People's Mujahedeen is the largest member of the National Council of Resistance to Iran, an umbrella group of Iranian opposition organizations.

The secretariat of the council also confirmed seven deaths since Iraqi forces raided the camp Tuesday.

It said Iraqi forces wielding machine guns "opened fire on the defenseless residents" of the camp Wednesday. It said Iraqis "demolished all facilities, bungalows and residences" at the camp's northern wing.

The council said camp residents have been shouting "Allahu Akbar," which means "God is great."

"For what reason were they killed?" the people chanted.

On Tuesday, the council accused the Iraqi police officers of firing pepper gas and beating the refugees while demolishing the walls and fences around the camp.

About 3,500 people live at Camp Ashraf, most of them members of the People's Mujahedeen for about 25 years after fleeing Iran.

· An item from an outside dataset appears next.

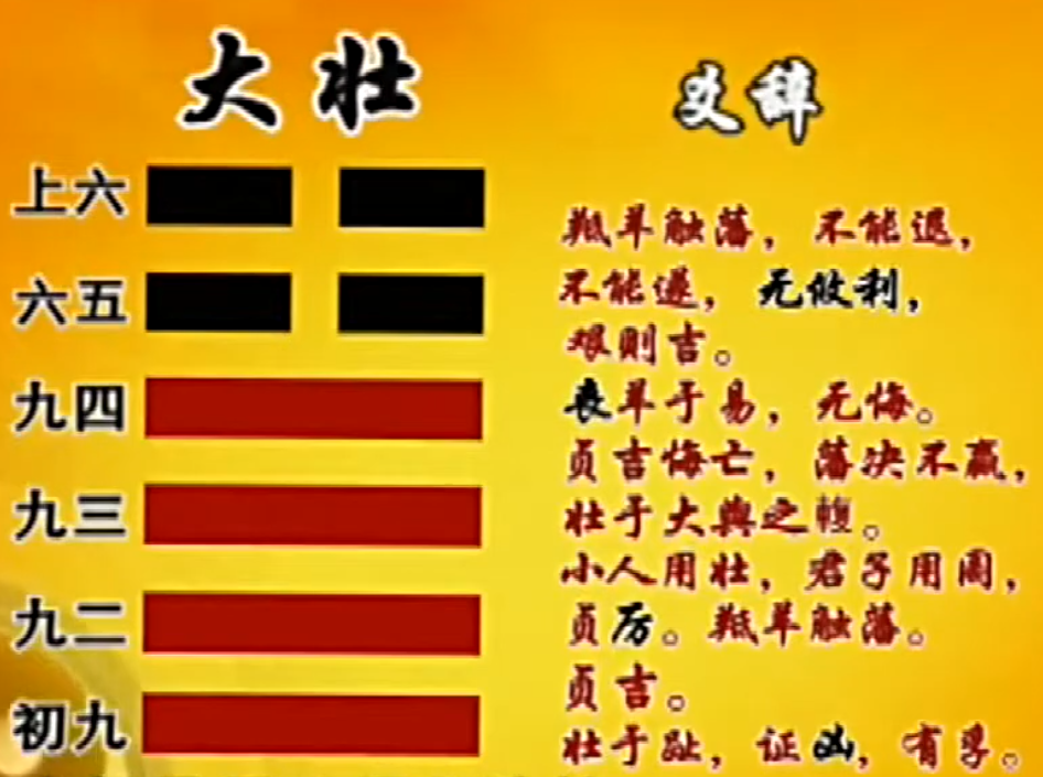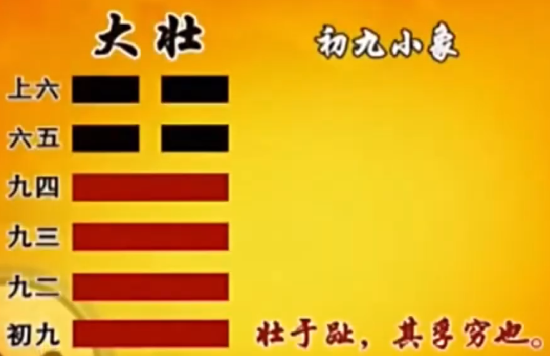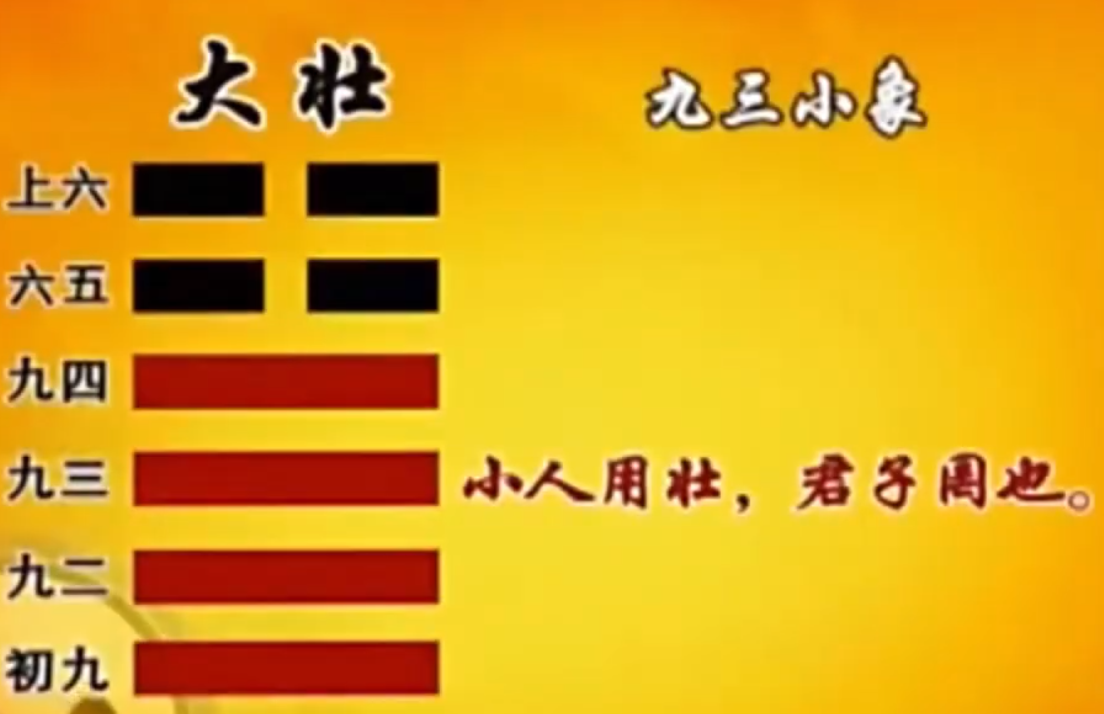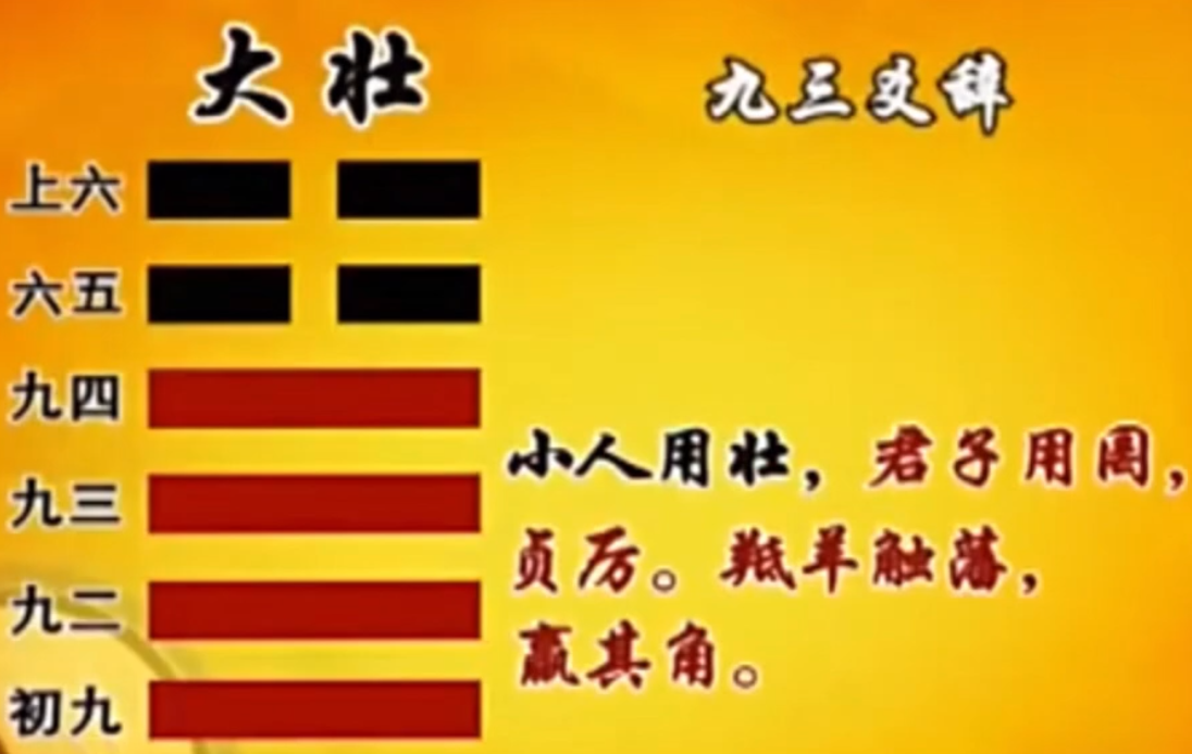 那我们按照《易经》的惯例,就是说你只要合适,你就会得到好处,你只要走正道,你就会继续发展。 那这样跟大壮看起来,不是一点关系都没有吗?在大壮,在声势浩大的时候,它没有什么适合不适合的, 一定是合适的,不合适怎么会大壮?

Also known as Mujahedeen-e-Khalq, the People's Mujahedeen Organization of Iran was formed to oppose the shah of Iran but fell out of favor with the Islamic Revolution of Ayatollah Ruhollah Khomeini after 1979.

People's Mujahedeen, an Islamist group that promotes a Marxist government for Iran, for years waged a violent campaign against the fundamentalist Islamic Tehran government, including bombings that killed politicians, judges and Cabinet members.